It’s an interesting phenomena at Eclipse how bug reports get to be famous. It’s how issues are raised, where discussions on solutions take place, and patches get attached. There are famous bugs in Eclipse that I’ve heard about and finally, I think we’ve got one on the go for the CDT. It’s bug 162558, the Mylin bridge to the CDT.

I’ve heard great things about Mylin for a long time. An old colleague of mine raved about it. I tried it and it has a great Eclipse interface to a number of different bug systems. But today, I learned from Mik’s talk about the task management features that Mylin provides and how it cleans up the UI to help you focus on what you are working on. It’s a different way of working, but I can see that once you adopt it, it’ll give developers a huge boost in productivity especially when they are working on multiple things at a time.

We’ve had bug 162558 around for a long time which asks for CDT support in Mylin’s task management system. I think there was concern that it would be a lot of work and CDT developers have always had other things to work on. But Mik promised on the report that it would only take 2-4 weeks. And now we have Jeff Johnston from Red Hat who has signed up to help and has a new plug-in ready to show.
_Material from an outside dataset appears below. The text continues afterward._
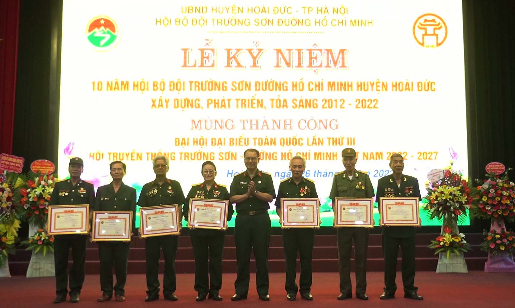 Với những thành tích đạt được trong 10 năm xây dựng, phát triển và tỏa sáng, Hội Bộ đội Trường Sơn huyện Hoài Đức đã được Hội Trường Sơn Việt Nam tặng Cờ Thi đua xuất sắc, 2 Bằng khen của Chính phủ cho tập thể và cá nhân, Bằng khen của Hội Trường Sơn Việt Nam cho 2 tập thể và 5 cá nhân; Giấy khen của Hội Trường Sơn thành phố Hà Nội cho 10 tập thể và 20 cá nhân; Giấykhen của UBND huyện Hoài Đức cho 4 tập thể và 15 cá nhân.
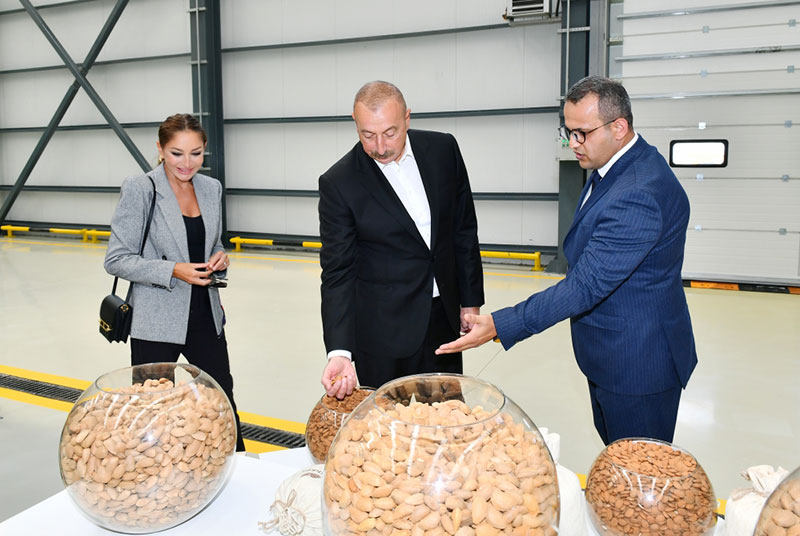 Bildirilib ki, Prezident İlham Əliyevin və birinci xanım Mehriban Əliyevanın fəaliyyəti ilə tanış olduqları “Grand-Agro İnvitro” Məhdud Məsuliyyətli Cəmiyyətinin müəssisəsi və “Azbadam” Məhdud Məsuliyyətli Cəmiyyətinin açılışı olan badam emalı zavodu məhz qeyri-neft sektoru və kənd təsərrüfatının inkişaf konsepsiyasının uğurla reallaşdırılmasının nəticəsidir.

I really think that this is a hugely important development for the CDT. In the C/C++ world, our biggest competitor is still emacs/vi and make, i.e., the command line. It’s too easy for new CDT users to get frustrated and throw it away and go back. Much more so than Java developers, for example. Ever write java code with command line tools? It’s a lot easier with C/C++ where the tools have been optimized to work well on the command line.

We really need to show the value that will pull users through the learning pains of adopting Eclipse (mind you we need to address those too) and tools such as Mylin can do that. You won’t find a command line version of Mylin. So we’ll work hard to get the CDT Mylin bridge into CDT 5.0 for Ganymede. It’ll be a fun thing to add to my CDT demos and hopefully can convince more people to use the CDT.